I am solving the dissipation equation using a finite differencing scheme. The initial condition is a half sin wave with Dirchlet boundary conditions on both sides. I insert an extra point on each side of the domain to enforce the Dirchlet boundary condition while maintaining fourth-order-accuracy, then use forwards-euler to evolve it in time
When I switch from the second-order-accurate stencil to the fourth-order-accurate stencil /12.
I do not see an improvement in the rate of convergence when I plot vs an estimate of the error.

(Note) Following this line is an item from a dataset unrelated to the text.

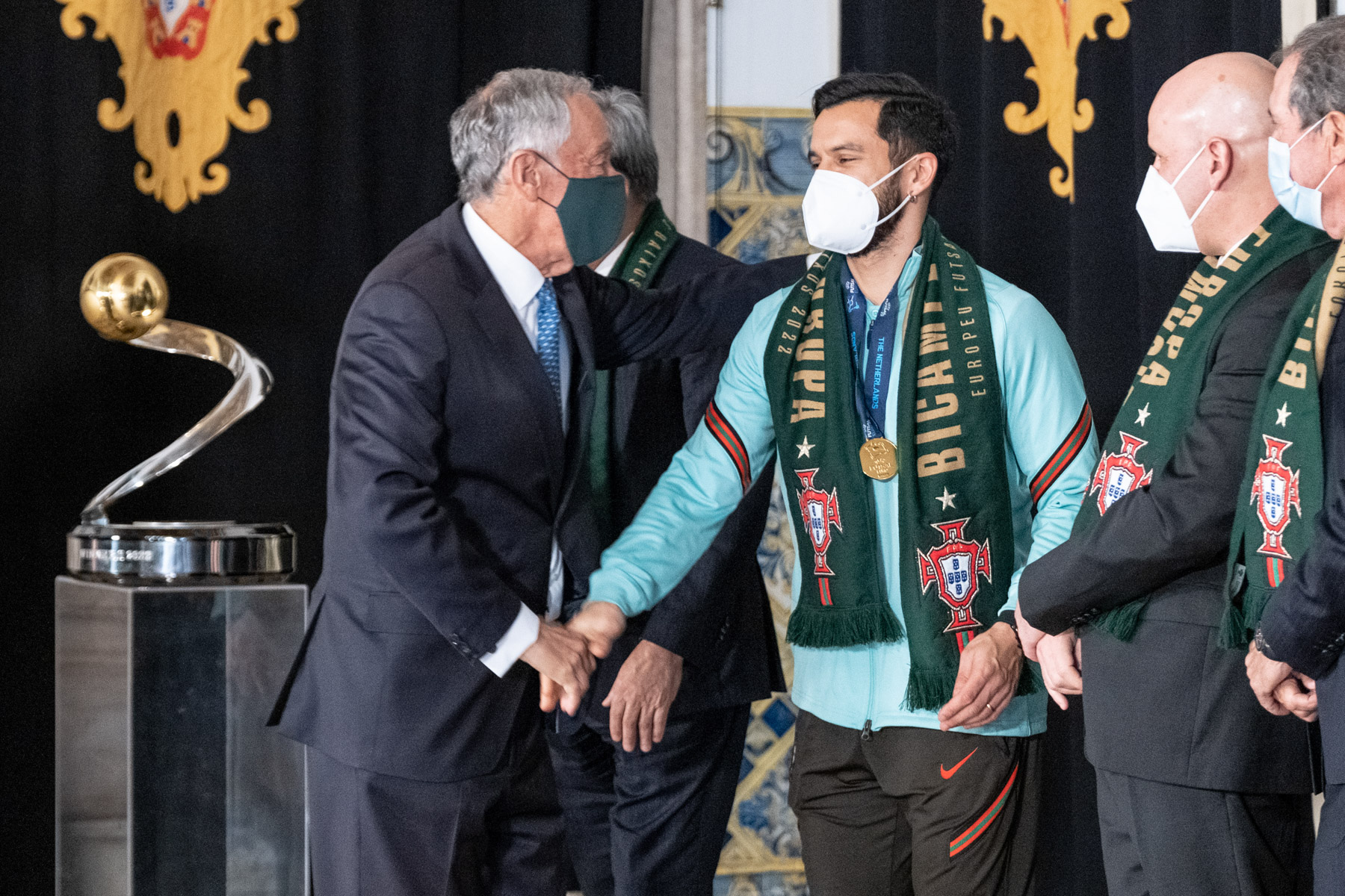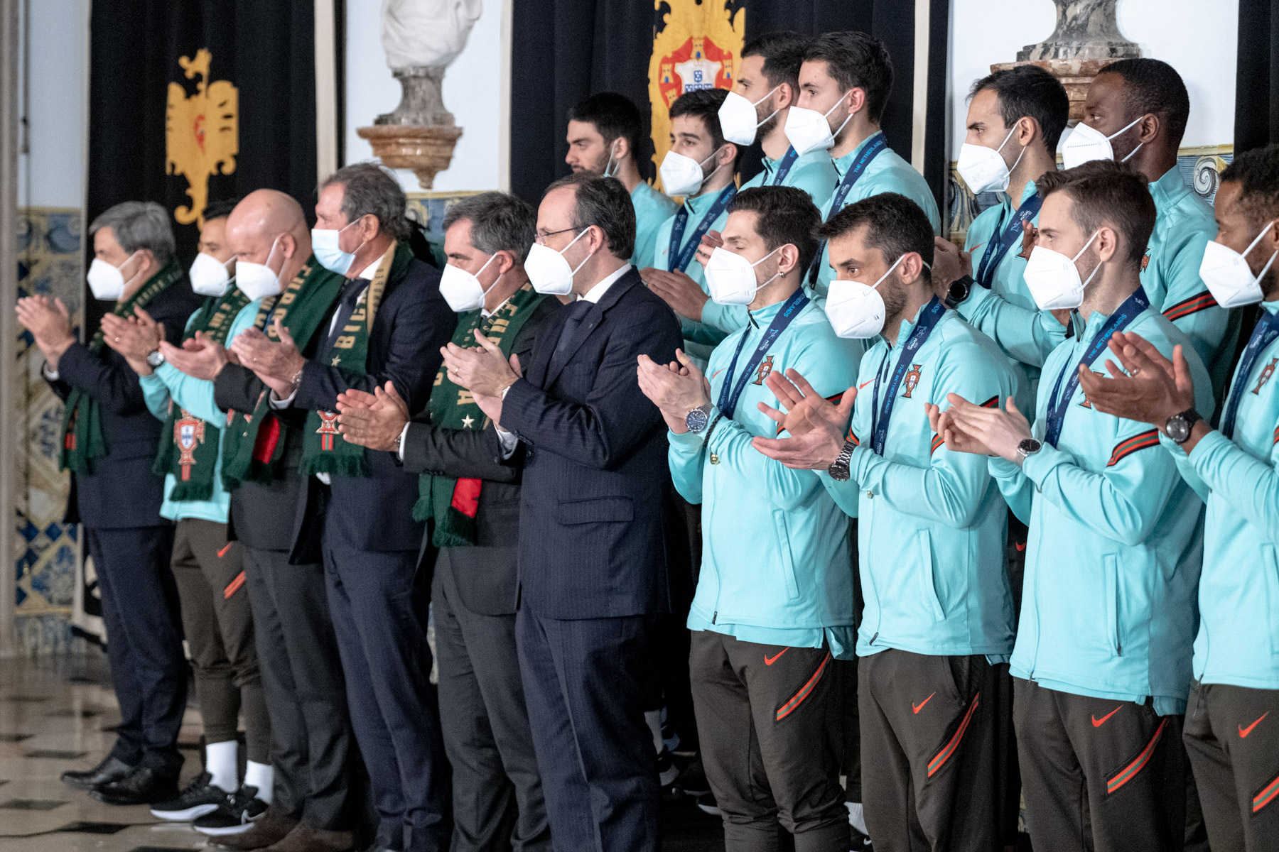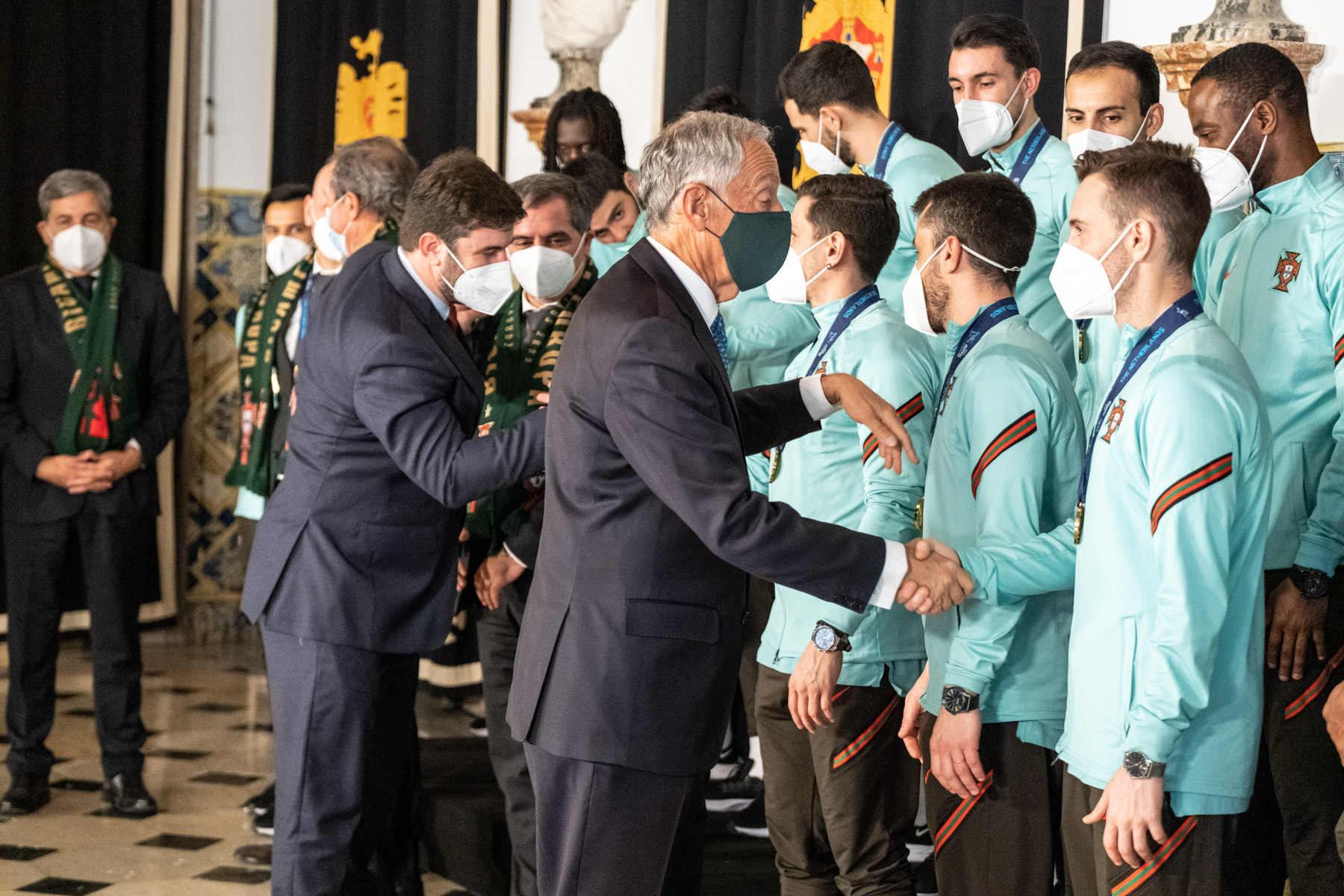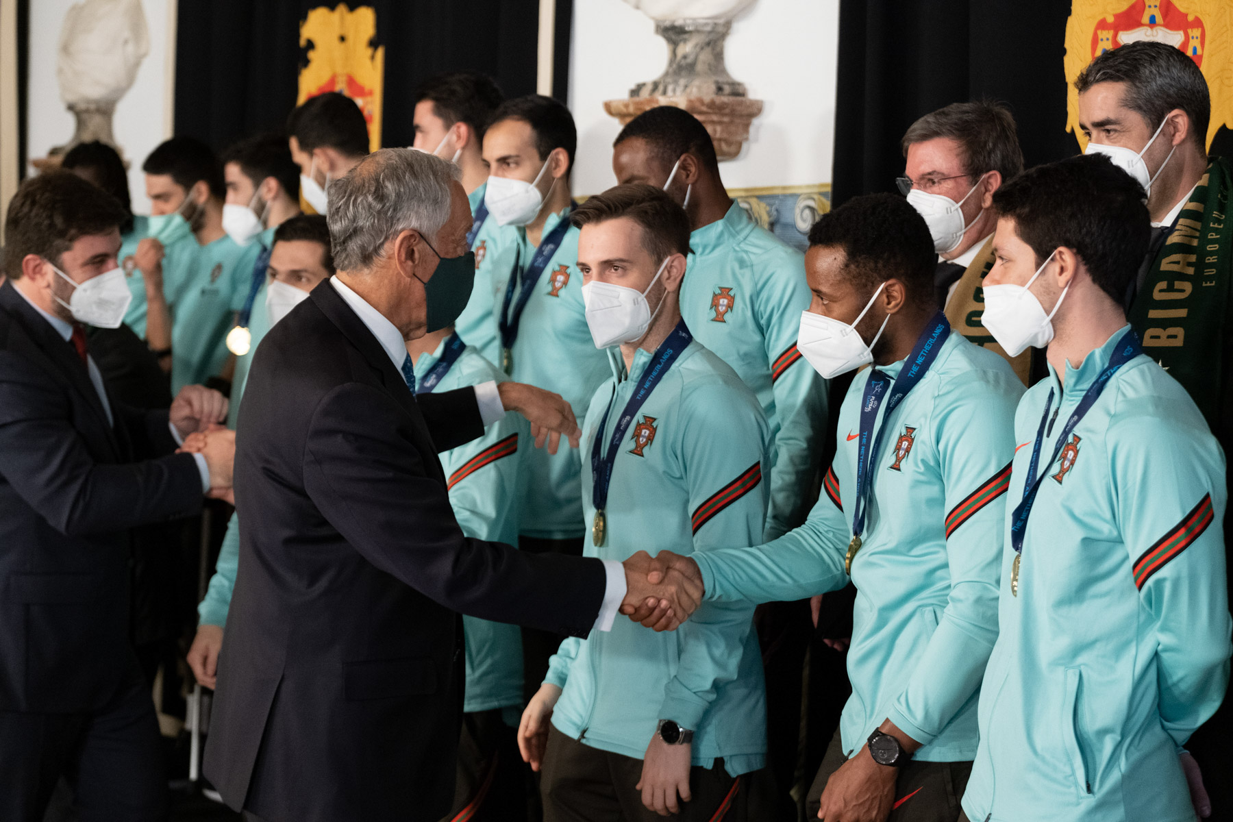 O Presidente Marcelo Rebelo de Sousa recebeu, no Palácio de Belém, a Seleção Nacional de Futsal que se sagrou bicampeã da Europa no campeonato realizado nos Países Baixos.

I wrote and commented a code that shows my problem. When I use the 5 point strategy, my rate of convergence is the same:
Why is this happening? Why isn't the fourth-order-accurate stencil helping the convergence rate? I combed over this carefully and I think that there must be some issue in my understanding.
# Let's evolve the diffusion equation in time with Dirchlet BCs
# Load modules
import numpy as np
import matplotlib.pyplot as plt
# Domain size
XF = 1
# Viscosity
nu = 0.01
# Spatial Differentiation function, approximates d^u/dx^2
def diffusive_dudt(un, nu, dx, strategy='5c'):
undiff = np.zeros(un.size, dtype=np.float128)
# O(h^2)
if strategy == '3c':
undiff[2:-2] = nu * (un[3:-1] - 2 * un[2:-2] + un[1:-3]) / dx**2
# O(h^4)
elif strategy == '5c':
undiff[2:-2] = nu * (-1 * un[4:] + 16 * un[3:-1] - 30 * un[2:-2] + 16 * un[1:-3] - un[:-4]) / (12 * dx**2 )
else: raise(IOError("Invalid diffusive strategy")) ; quit()
return undiff
def geturec(x, nu=.05, evolution_time=1, u0=None, n_save_t=50, ubl=0., ubr=0., diffstrategy='5c', dt=None, returndt=False):
dx = x[1] - x[0]
# Prescribde cfl=0.1 and ftcs=0.2
if dt is not None: pass
else: dt = min(.1 * dx / 1., .2 / nu * dx ** 2)
if returndt: return dt
nt = int(evolution_time / dt)
divider = int(nt / float(n_save_t))
if divider ==0: raise(IOError("not enough time steps to save %i times"%n_save_t))
# The default initial condition is a half sine wave.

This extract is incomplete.